The ultimate Microsoft Fabric, Power BI, Azure AI, and SQL learning event: Join us in Stockholm, September 24-27, 2024.
Save €200 with code MSCUST on top of early bird pricing!
Find everything you need to get certified on Fabric—skills challenges, live sessions, exam prep, role guidance, and more. Get started
Hi,
I currently have a stored procedure as my etl process and it inserts data into two tables in SSMS.
It currently uses synonyms in SSMS using multiple servers,tables and joins.
My question is if I was to try to translate this over to a data flow in Fabric, would you look at it the same way using synomyms and joins, or connect directly to each server and source seperately?
I'm a bit confused on this as I need to make the transformations using multiple servers on multiple tables whilst joined together.
Thanks
Liam
Solved! Go to Solution.
To be honest, Fabric is new to me as well. And I have more of a Power BI background, so I know Power Query quite well, but I don't have so much real experience about SQL database, stored procedure, data warehouse admin, etc.
I have tested a lot of features in Fabric, but I haven't used them in production (I have only used Power BI in production).
If I understand correctly, you want to build an analytical data store in Fabric (either as a Fabric Lakehouse or Fabric Warehouse).
I guess you have some operational systems which are your ultimate data sources. I think a common pattern is
Data source -> Pipeline (with or without a custom SQL query) -> Staging files or tables (Bronze Lakehouse) -> Notebook (ETL, upsert, etc.) -> Tables (Silver Lakehouse) -> Notebook (ETL, upsert, etc.) -> Tables (Gold Lakehouse)
or
Data source -> Pipeline (with or without a custom SQL query) -> Staging tables (Warehouse) -> Stored procedure (ETL, upsert, etc.) -> Gold Tables (Warehouse)
I think also Lakehouse (Bronze) -> Lakehouse (Silver) -> Warehouse (Gold) is a normal pattern. Here you will probably find a lot of information if you Google "Medallion architecture in Fabric".
But I think this is up to your organization to decide if you want to go all in on Lakehouse, Warehouse or a mix.
Fabric Lakehouse uses Spark language (you can choose between and mix PySpark, SparkSQL, Scala or SparkR).
Fabric Warehouse uses T-SQL language (but there are some limitations, because the underlying storage format is Delta Lake so not all T-SQL commands are available). I suppose you can Google to search for which workarounds people are using to adapt to the language limitations.
A general advice is to use the tools which work well with your current skillset (also bearing in mind which direction you want to go).
Using the Fabric Trial, you can test Fabric and its tools cost-free for a period.
So I don't think using Dataflows Gen2 is a must. Actually, my impression is that it is quite heavy on resource-consumption. My impression is that it is a tool for low-code, UI-based ETL (which I like, coming from a Power BI background).

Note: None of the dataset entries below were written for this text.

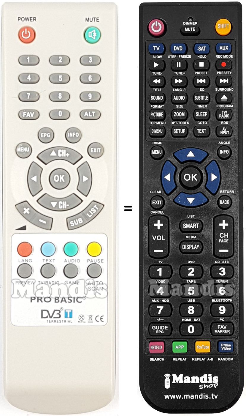 Below, we will show you the correspondence between each button on the original remote control and the button that performs the same function on the replacement remote control. In some cases, you may need to press the SHIFT key before pressing another button to perform certain actions. These additional functions are often not widely used and are included to facilitate understanding of the replacement remote control, or because the original remote control has more buttons than its equivalent.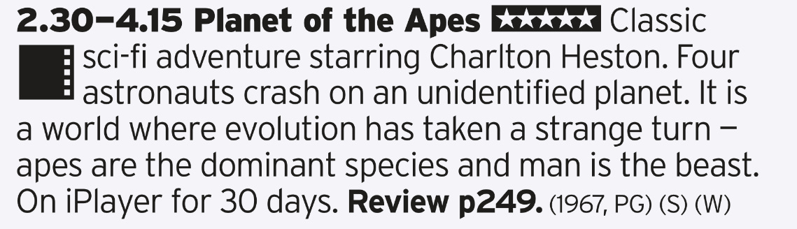 Here’s those damn dirty apes! Not the CG ones we’ve been treated to in recent years, but folks in makeup with Charlton Heston running around in his pants. Oh, its a 60s classic with an ending that pretty much every one much knows by now thanks to the sheer force of cultural osmosis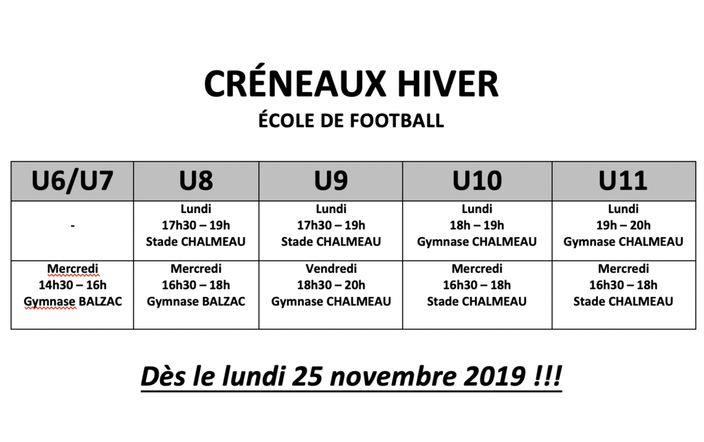 Afin d'assurer nos séances habituelles nous passons dès le lundi 25 novembre sur les créneaux ci-joint !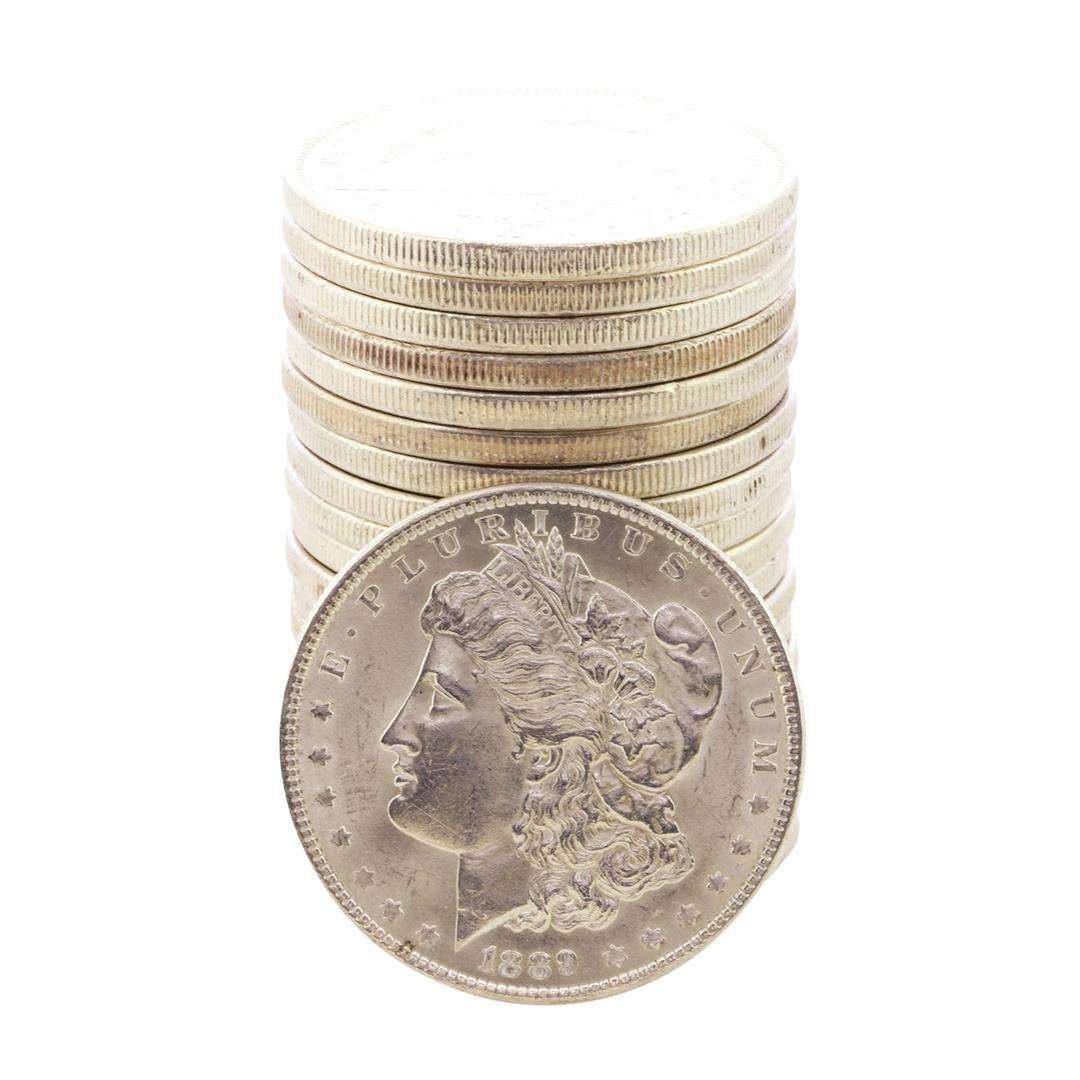 One Roll of (20) Brilliant Uncirculated 1889 $1 Morgan Silver Dollar Coins.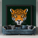 Este papel de parede mural apresenta um design ousado com uma magnífica cabeça de jaguar, ilustrada com detalhes realistas e cores vibrantes de laranja e preto. O contraste com o fundo verde escuro acentua a intensidade do padrão, criando uma atmosfera que é ao mesmo tempo selvagem e sofisticada.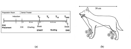 (a) Study protocol timeline. CIX: chlorhexidine; Induction: induction of general anaesthesia; T0, T5, T10, TEND: time points for closure of sedimentation plates (study part A); Swab: time of dorsal peripheral intravenous catheter (PIVC) injection port swabbing (start and the end of the procedure, study part B). (b) Schematic drawing of the experimental setup of a dog positioned for dental scaling: the arrows show how the distance from the nose to the PIVC placement sites was measured for the cephalic vein (CV) and the saphenous vein (SV) and the positions of the sedimentation plates (grey and labelled 1–8); double-headed arrow above the dog shows how was the length of the dog measured (from nose to base of the tail).

Hopefully someone with more practical experience than me can guide you further.
I think this is a great blog (serverlesssql.com) by @AndyDDC.
He can probably correct any mistakes I made in the text above here 😁
I also like this blog: Fabric: Lakehouse or Data Warehouse? - Sam Debruyn
Although I don't think it's necessary to use both Lakehouse and Data Warehouse. It's just an option.

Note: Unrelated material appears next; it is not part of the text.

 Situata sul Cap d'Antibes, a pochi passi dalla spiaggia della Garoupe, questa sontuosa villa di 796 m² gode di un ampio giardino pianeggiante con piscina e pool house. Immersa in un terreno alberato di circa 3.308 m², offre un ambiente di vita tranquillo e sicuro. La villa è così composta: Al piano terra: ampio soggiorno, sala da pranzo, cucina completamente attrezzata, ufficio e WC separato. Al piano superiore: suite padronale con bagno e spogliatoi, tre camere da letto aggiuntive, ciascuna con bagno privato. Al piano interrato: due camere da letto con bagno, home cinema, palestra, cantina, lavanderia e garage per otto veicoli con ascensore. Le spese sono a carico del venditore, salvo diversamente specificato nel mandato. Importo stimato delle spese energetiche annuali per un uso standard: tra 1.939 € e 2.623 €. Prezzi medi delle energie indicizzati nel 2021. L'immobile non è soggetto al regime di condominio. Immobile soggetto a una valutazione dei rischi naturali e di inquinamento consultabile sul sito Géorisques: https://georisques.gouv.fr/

I'm not entirely sure what synonyms in SSMS / SQL are.
Are the server and table names dynamic? If yes, could you explain a bit more about how they are dynamic?
Or are they static (do not change)?
Joins can be done in Power Query M, and they can (in some circumstances) fold back to the source. Easiest way to check it, is by connecting to each source table in Power Query M, and then join the tables in Power Query M, and then check if query folding is taking place (either by looking for the query folding indicator in Power Query, or check the query logs in your source system).
Are you planning to use purely Power Query M in the Dataflow Gen2, or are you planning to write a native SQL query as the first step in Power Query?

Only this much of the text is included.